Concerned about the side effects of anastrozole

Since my cancer was grade 0 non invasive I will not change my mind. If I had a higher grade I might have. Heart attacks, blood clots and osteoporosis run in my family. The Dr. Told me I would have to have a bone density test done before she put me on the drug. I guess we all have to make our own choices. I'm glad it worked out for you.

I took it. I was tired for 5 years. Result: excellent prognosis. Clear for 8.5 years. I'm 73 now and have all my parts.

@cfetoday there is quite a difference between 14% and 8%. Respectfully, are you sure you don't want to try anastrazole or another aromatase inhibitor? Many of us had minor side effects. I found that if I walked more than 30 minutes, any joint pain eased.

Many of us have found that the manufacturer makes a difference. I tried anastrazole generic, then letrozole generic thinking the problem was anastrazole, but it was the fillers. I ended up doing brand name letrozole (Femara) and toward the end did find a generic that was fine.

I was 63-68 during treatment. I am 9 years out from a grade 3 invasive mixed cancer.

I had mild hair loss. My only issue was stomach problems but then I am prone to that. Very mild hot flashes living in florida didn’t help. I got through five years with little problems. I walked every morning 30 minutes big help with any joint pains which I never had. Keeping weight down was difficult Good luck I hsve been told it is the choice medication.

I had 3 lumpectomy's for DCIS. Just finishing radiation. They wanted me to take anastozole for 5 years. I am not going to take it as there are too many side effects. Bone loss, hot flashes, sleep problems. My chances for reoccurence have dropped to 14% taking the drug would drop it to 8%. With all those side effects and taking something for 5 years. Not worth it for me. I am 66 years old in good health. I just can't see taking a drug with so many side effects. It also can cause blood clots.
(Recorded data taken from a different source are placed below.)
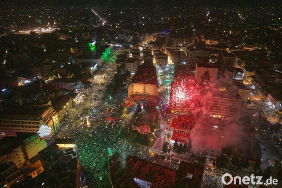 Feuerwerk erhellt den Himmel, während die Menschen den Clock Square in der syischen Stadt Homs anlässlich des ersten Jahrestags des Sturzes des Regimes von Bashar Assad füllen.
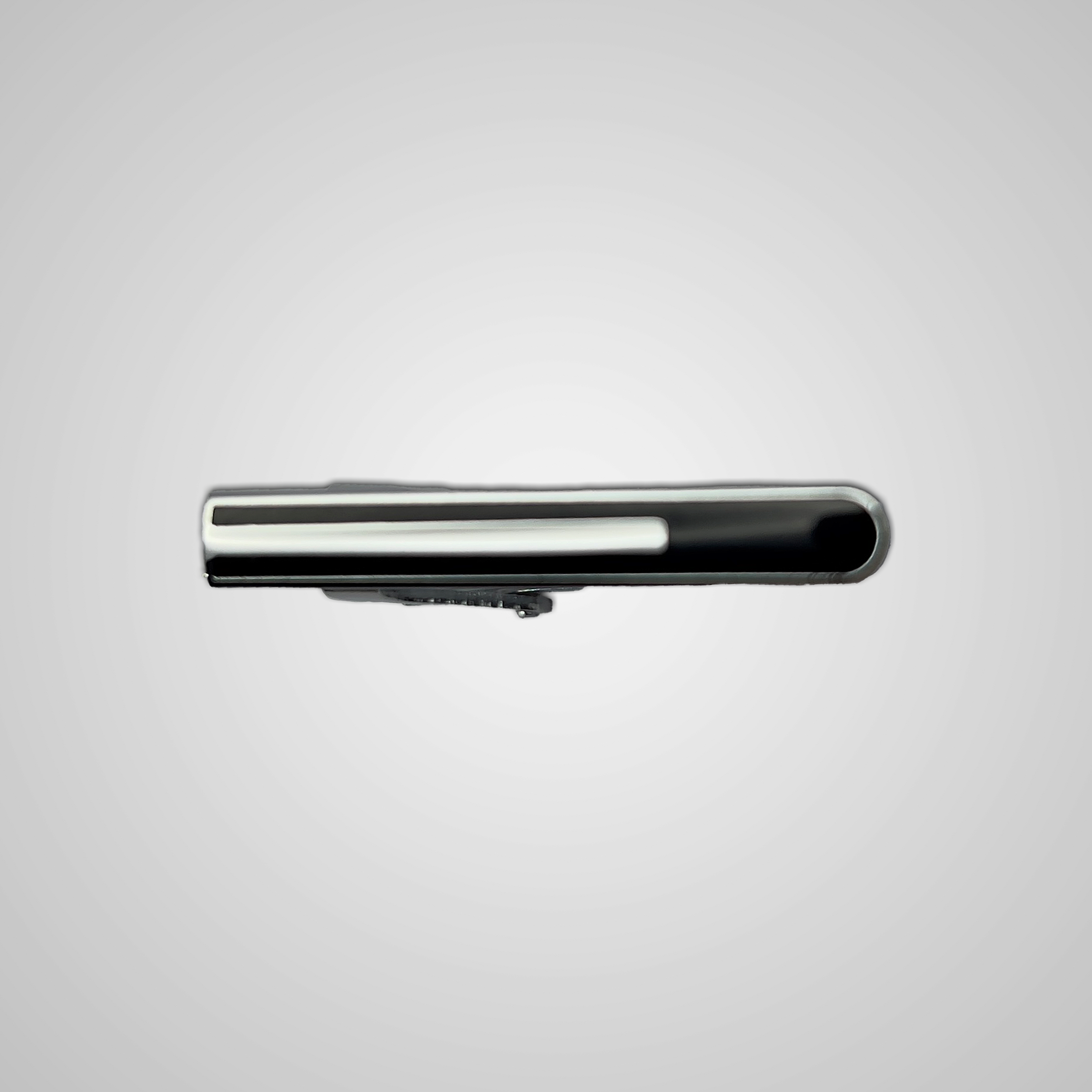 O Prendedor de Gravata Pataloo Midline é uma peça que inspira organização. Seu design inteligente apresenta um fundo preto retangular cortado exatamente ao meio por uma linha prateada em relevo. Esse jogo visual de "linha sobre linha" cria um aspecto arquitetônico e moderno, perfeito para compor o visual de executivos, engenheiros e homens que valorizam a simetria.
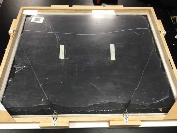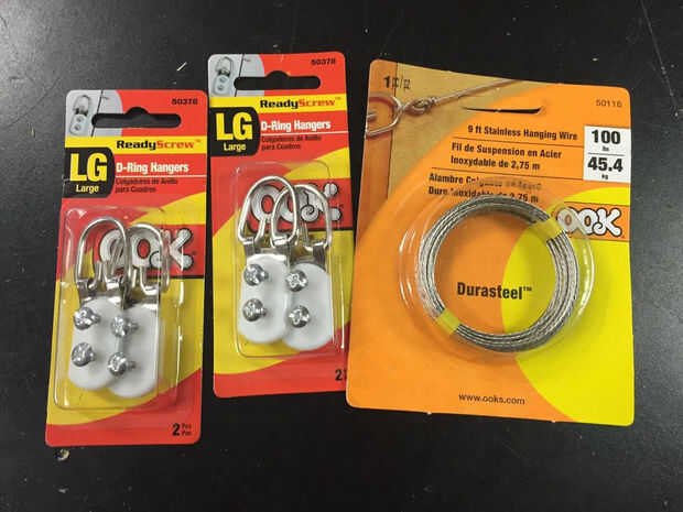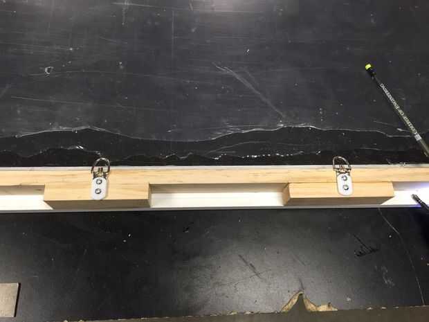 Hice algunas investigaciones y descubrió el peso aproximado de un pie cúbico de arena húmeda. Luego determina el volumen de la caja (al nivel que pretende llenarlo) y calcula que el peso de la arena sería aproximadamente de 18 libras. Con el peso de la estructura que rendiría un peso total de alrededor de 40 libras. Sólo para estar seguro mientras que colgarlo, optamos por con foto colgante cable por 100 libras. Colocamos ganchos en los laterales y parte inferior. Así, mientras que se queda colgado, se apoyará la parte inferior del marco.
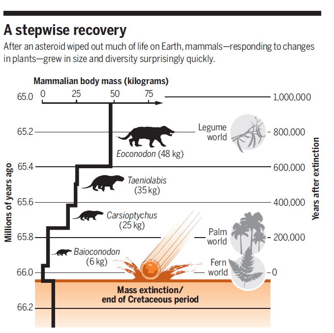 Suite à cette crise des niches écologiques se sont libérées et ont permis aux animaux de petite taille de proliférer, et d’augmenter ensuite progressivement en taille (How life blossomed after the dinosaurs died) . Cela s’explique notamment par la disparition de leurs prédateurs, notamment les dinosaures et autres archosauriens. Dans l'article Therian mammals experience an ecomorphological radiation during the Late Cretaceous and selective extinction at the K–Pg boundary, Grossnickle et al. décrivent 3 types principaux d'extinction : la première, l'hypothèse de la suppression est celle soutenue par les articles cités précédemment, la seconde est une extinction adaptative qui favorise certains morphotypes, et la dernière est l'extinction non-adaptative. Selon eux la radiation des mammifères s'est produite bien avant la crise K-pg (10 à 20 millions d'année auparavant), mais s'est accélérée rapidement après l'extinction de masse. Ce sont les survivants de l'extinction qui se sont ensuite diversifiés rapidement, profitant de certaines niches écologiques vacantes.
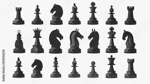 A collection of chess pieces placed on a plain white surface
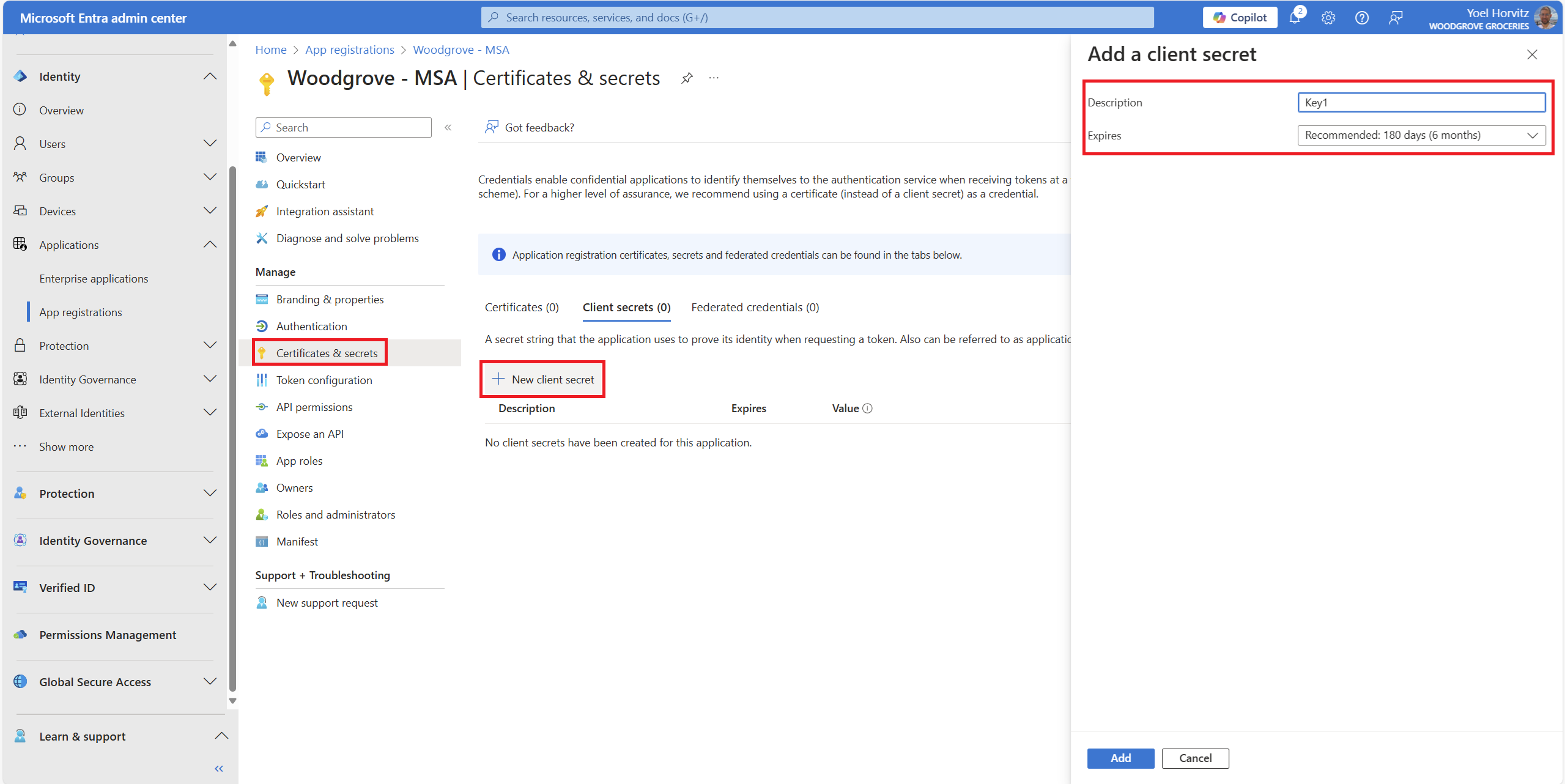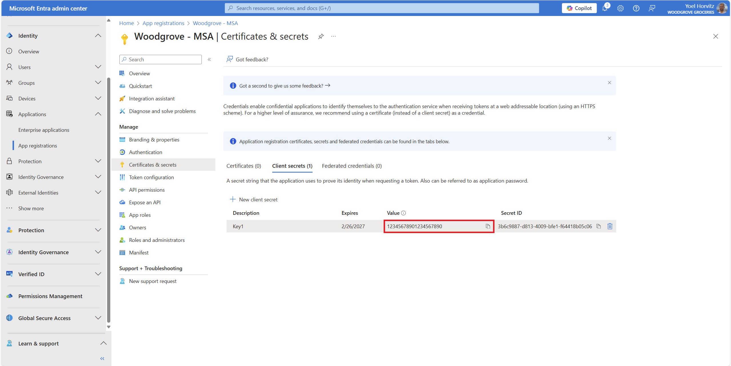 Record the secret'svalue for use in your custom OpenID Connect identity provider
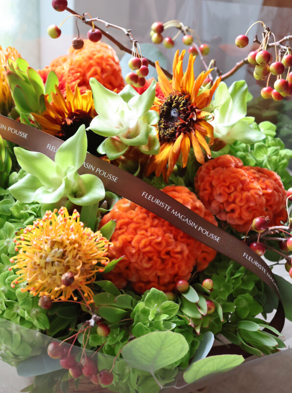 黄色、オレンジとグリーンの、目にも鮮やかな秋アレンジメントです。
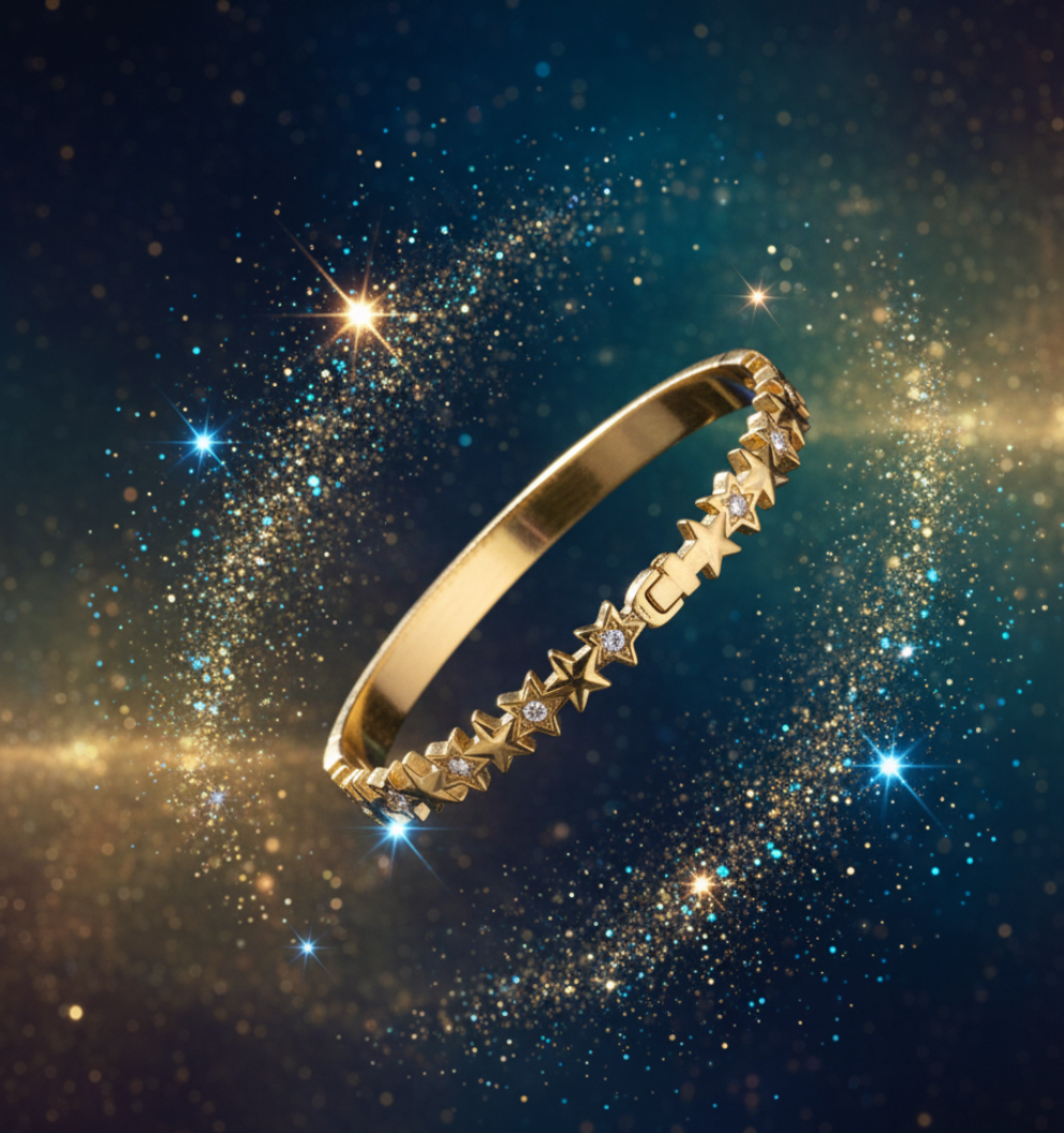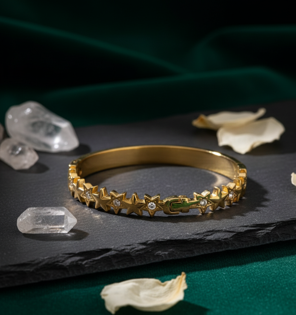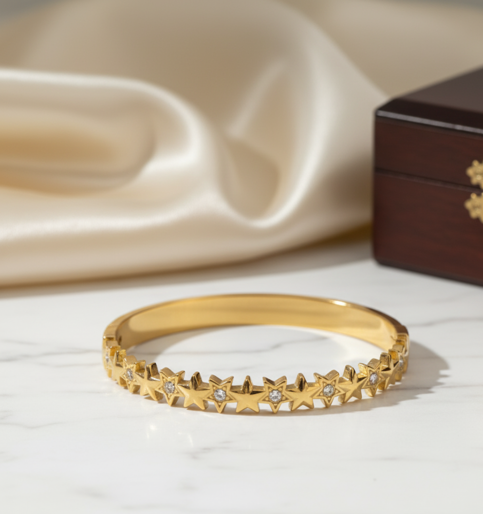 Star Bangle Bracelet for Women crafted in premium stainless steel with durable gold plating and sparkling AD studded star motifs. Tarnish-free, skin-safe, and perfect for daily wear or gifting. A trendy, elegant accessory that adds a radiant touch to any outfit.

The same is true for Tamoxifen brands/fillers. I was fine, very mild side effects (annoying but in no way life altering) until one prescription was a different brand. Leg/foot cramps woke me 3-4 times a night, and night sweats & joint pains were crazy. After a week I was so sleep deprived I couldn’t think straight, so I reached out to my Oncologist. She had me stop taking & we would discuss in 8 weeks at my next appointment.
I did some research and there is a lot of anecdotal evidence that different brands can increase side effects. I had already filled the next prescription, which was the same one I was on before. After a 2 week break, tried the “old” brand, and back to very mild side effects.
The pharmacist was skeptical, but when I told her that I would only take this particular brand & would not pick up any other, she agreed to only order my preferred brand. She asked that I have my oncologist revise the prescription to reflect the specific brand in case insurance pushed back.
My oncologist was glad I was back on Tamoxifen, but also kind of skeptical since there aren’t any studies that prove this … she’s great & we had a nice conversation about how Tamoxifen for prevention after invasive BC hasn’t been studied beyond the standard 20mg dose.

I stayed I. Anastrazole Accord manufacturer for five years I am off for eight months. No more flashes. Less hair loss and best of all no stomach issues. Good luck there is light after the tunnel.

I too am ER+ and PR+ with 15% proliferation. I have been on Anastrozole for 2 months now with zero side effects. My oncologist said this drug is the one most tolerated by her patients. So far, I don’t have any problems with the drug.

I’m over 4 years on Anastrazole and have had no issues with it. I was post-menopausal however. I had ER+ PR+ breast cancer with lymph node involvement. My range of risk of recurrence is 17-38%. I look at it this way…use of an AI keeps me at the lower end of risk. Losing weight keeps me at the lower end of risk. Healthy eating ( upping protein, lowering carbs) keeps me at the lower end of risk. Hopefully you can take advantage of every possible thing that can lower your risk of recurrence. That way if one piece is truly impossible for you there will still be other actions in place to help reduce your risk of recurrence and keep you well. JMHO

I am also on Anastrozole and hair thinning with insomnia are my biggest issues. The drastically thinning hair is the hardest for me as well. Looking in the mirror is that constant reminder that I am not the same person I was before diagnosis in July 2022. I also have androgenic alopecia & frontal fibrosing Alopecia. This hair loss is all over my head. I do see my oncologist tomorrow and plan to ask if I can try another AI. Really discouraging, but then is this hair loss worth not being on an AI. For now my answer is no, but that could change if this hair loss doesn’t slow down.